Reeve has been the constant in virtually all of Minnesota’s success. The Lynx had won only one playoff game, in 2003, when she took over in 2010 after winning WNBA titles as an assistant in Detroit in 2006 and 2008. She is in her 15th season with Minnesota, the longest tenure with one team of any WNBA coach in history. Only four active coaches in other major U.S. pro sports leagues — two in the NBA and two in the NFL — have been with their current teams longer than Reeve.

Reeve said the consistency requires doing everything possible to not compromise on the “personality fit” of players even if they bring on-court skills.

“We needed to right the mistakes we made in some past decision-making,” Reeve said. “Because every once in a while, you deviate from what you know you should be doing. You say, ‘This player can do this,’ and, ‘We’ve got other good people, so we’ll be OK.’

“We had a couple tough seasons. [In 2022], we didn’t make the playoffs. In 2023, we had a good year and we had a group of players — but not all players — that felt chemistry together. We were, for sure, in this offseason committed to how we were doing things.”

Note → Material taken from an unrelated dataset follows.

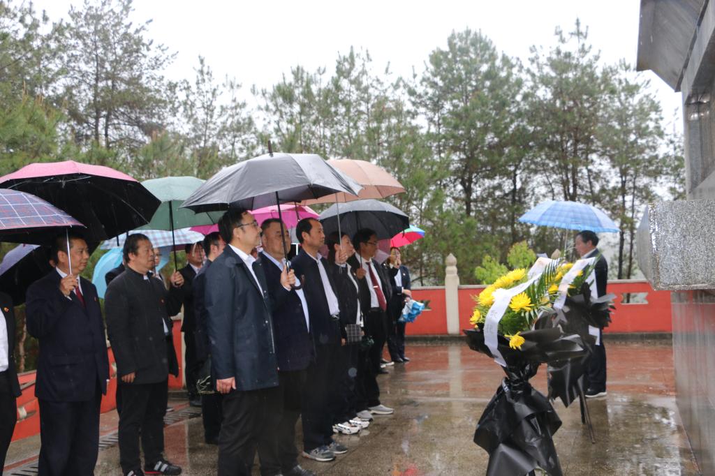 在南沙河革命烈士纪念碑前,县纪委监委领导班子成员向革命烈士敬献花篮,全体行鞠躬礼、默哀。随后,大家依次环绕革命烈士纪念碑,伫立凝视,缅怀先烈。
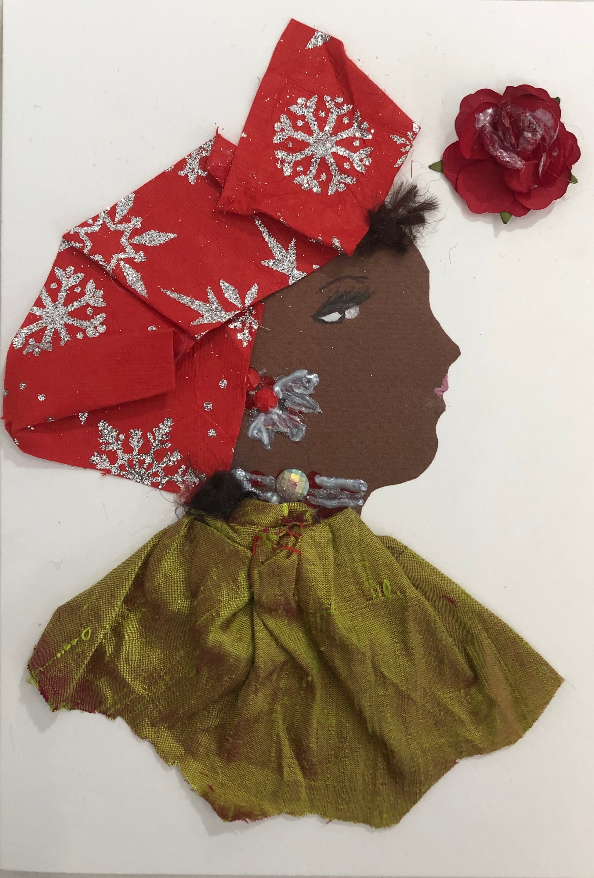 In preparation for her festive season, she thought she should wear olive and red. There is a red flower on the right.

That meant flooding Williams with calls and texts to let her know she was one of Minnesota’s primary free agent targets.

“Cheryl straight up was like, ‘We want you to be our point guard. I want you to run the team,'” Williams said. “I was like, ‘Wow, why me? I’m not even a point guard.’ But she just continued to give me those words of affirmation. And she convinced me I’m a point guard a little bit.”

Collier did her part in free agency, too. She thought Smith would be a good fit in the post for Minnesota based on her impressions of playing against the former Stanford standout. While both were competing in Turkey during the WNBA offseason, Collier and Smith had a three-hour dinner of pasta and wine in Istanbul. They discovered a lot of common ground, and Smith said she was impressed that Collier was “really down to earth, super humble and just stands for the right things.”

With their time together for the Sky in 2023, Williams and Smith already had a bond. It didn’t take long for them to mesh with everyone else in Minnesota. The talent of the players Reeve and Minnesota general manager Clare Duwelius brought together has stood out, too.

Carleton had her best regular season, averaging career bests in scoring (9.6) and rebounding (3.8). Smith also set a career high in scoring average (10.1), while McBride averaged a career-best 2.7 3-pointers per game.

When you talk to the Lynx about their individual successes, they point to what the whole group has done that has allowed each to excel.

“I think it’s noted when teams watch us, they always talk about the Lynx chemistry,” Reeve said. “We didn’t get it right every year. We certainly have had our challenges, but we knocked it out of the park this year.”

ESPN’s Alexa Philippou contributed to this story.